O que tem tudo isso a ver com a realidade brasileira e a ação da OAB? Tudo! Os atuais sacerdotes, que se apresentam como guardiões do templo da moralidade, pregam permanentemente contra o instituto do habeas corpus, previsto na constituição. Seria uma das tais “dez medidas contra a corrupção”, que felizmente não passaram na Câmara dos Deputados, graças à decisiva orientação e esclarecimentos da OAB, para indignação da turba, sequiosa, sedenta e ávida por condenações, crucificações e guilhotinamentos. A ponto do projeto do Ministério Público, apresentado como de “iniciativa popular”, ter sua tramitação suspensa por liminar do ministro Luiz Fux, do STF, para exigir a aprovação do texto original, objeto de campanhas que até hoje circulam nas redes sociais.
Pois bem. O ministro Gilmar Mendes publicou dia desses um artigo na Folha de São Paulo para fazer uma vigorosa defesa do HC, um dos pilares do regimes democrático de direito. É a essência da defesa do cidadão pela liberdade e contra o estado que, com assustadora freqüência, prende antes da processar e condena pela execução pública, para apenas depois investigar denúncias. Mesmo assim, obriga o suspeito a provar sua inocência, a partir do pressuposto de que todos são preliminarmente culpados. O ministro foi execrado!

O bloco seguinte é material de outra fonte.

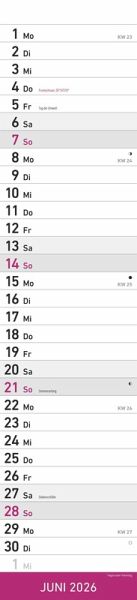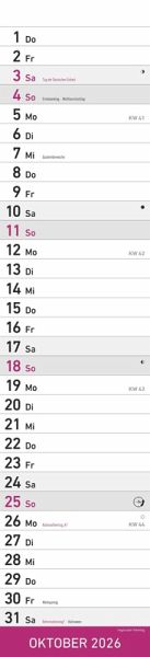 Dank des kompakten Formats von 11,3 x 49,5 cm passt der Kalender auch in kleine Nischen, bietet jedoch ausreichend Platz für Eintragungen im großzügigen Kalendarium. Das deutschsprachige Kalendarium enthält alle Feiertage für Deutschland, Österreich und die Schweiz sowie die Mondphasen.
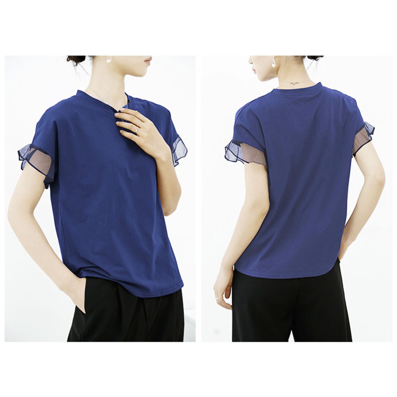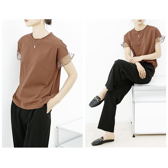 ・シースルー素材を使用したフリルの袖が女性らしい雰囲気。
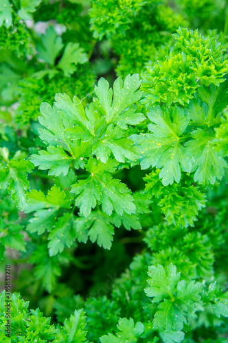 Green parsley growing in a vegetable garden close-up. Rustic background textural
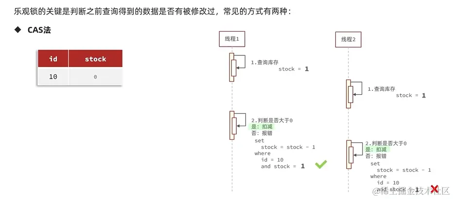 - 乐观锁:认为线程安全不一定会发生,不会加锁,只是在更新数据时去判断有没有其他线程对数据做修改,没有修改则安全,自己更新数据,如果被其他线程修改,说明发生安全问题,此时可以重试或异常。
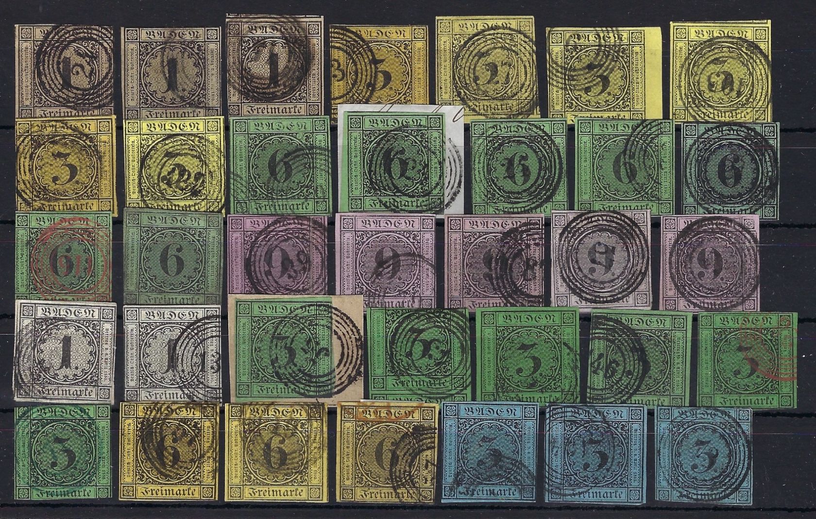 Umfangreiche gestempelte Partie aus Mi. 1–8, mehrfach vorhanden, mit einer Vielfalt an Nummernstempeln, teilweise mit zentrischer Entwertung
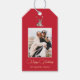 Étiquettes-cadeau Photo de fête avec Cerf d'hiver Noël Rouge
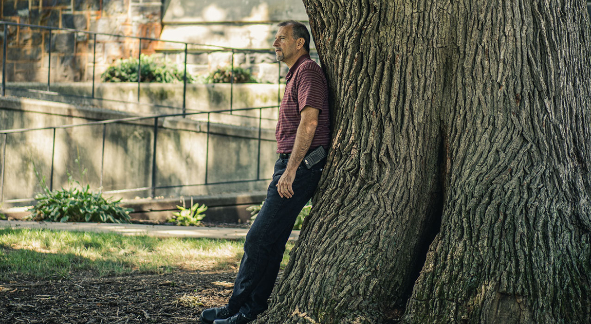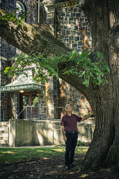 Among other responsibilities, Randy Haffling, assistant director of grounds and logistics, oversees the care of Moravian University’s trees. Haffling (pictured at right with the white oak in front of Borhek Chapel) has degrees in ornamental horticulture and environmental design and holds a certificate in historic preservation and conservation. He owned a landscape design and maintenance business and served as a senior landscape designer for several design and build companies before coming to Moravian. Perhaps what most qualifies Haffling for his work is his deep respect and love of the environment, which is palpable anytime you walk the campus with him as he points out plants and trees, describes their characteristics, and tells their stories. Haffling explains the strategies his team employs to maintain the health of our trees:

Chega a estarrecer a convicção manifestada em centenas de comentários de que o habeas corpus não atende a todos e, por isso, não deve valer para ninguém.
Lembrei há tempos, neste mesmo espaço, da advertência do vice-presidente Pedro Aleixo ao general-presidente Costa e Silva quando da edição do AI-05: “Presidente, o problema de uma lei assim não é o senhor, nem os que com o senhor governam o País; o problema é o guarda da esquina”. Pois bem: o articulista Reinaldo Azevedo foi mais claro. Em artigo publicado na última semana ele advertiu ao público que aplaudir a humilhação de acusados, não importa se culpados ou não, corresponde a dar ao guarda do bafômetro a licença de lhe dar uns petelecos. Em seu artigo, Gilmar Mendes diz que “a sociedade clama por reação, ainda que simbólica, especialmente em face de crimes de sangue e corrupção. Não é surpresa que as decisões que privilegiam a ordem, determinando o encarceramento, sejam bem vistas pelo público. Mas decisões que afirmam a liberdade são impopulares”.
Ele defende a ação ilimitada de habeas corpus: “O Brasil tem a terceira população carcerária do mundo, com 726.000 pessoas presas — quase o dobro do número de vagas. Cerca de 40% dos encarcerados não foram julgados em definitivo. Não vamos resolver a impunidade ou a morosidade judicial antecipando penas, muitas vezes injustamente, mas apenas criar novos problemas. Os presídios servem como agências do crime organizado, verdadeiros escritórios de logística e de recursos humanos das organizações.
Nesse contexto, defender o habeas corpus é defender a liberdade individual, é defender a expectativa de civilidade para todos e cada um, mas também é defender a sociedade contra a propagação desenfreada do crime. A violência e a corrupção não podem ser combatidas fora da lei. A persecução dos criminosos sem o Estado de Direito apenas gera novos crimes”.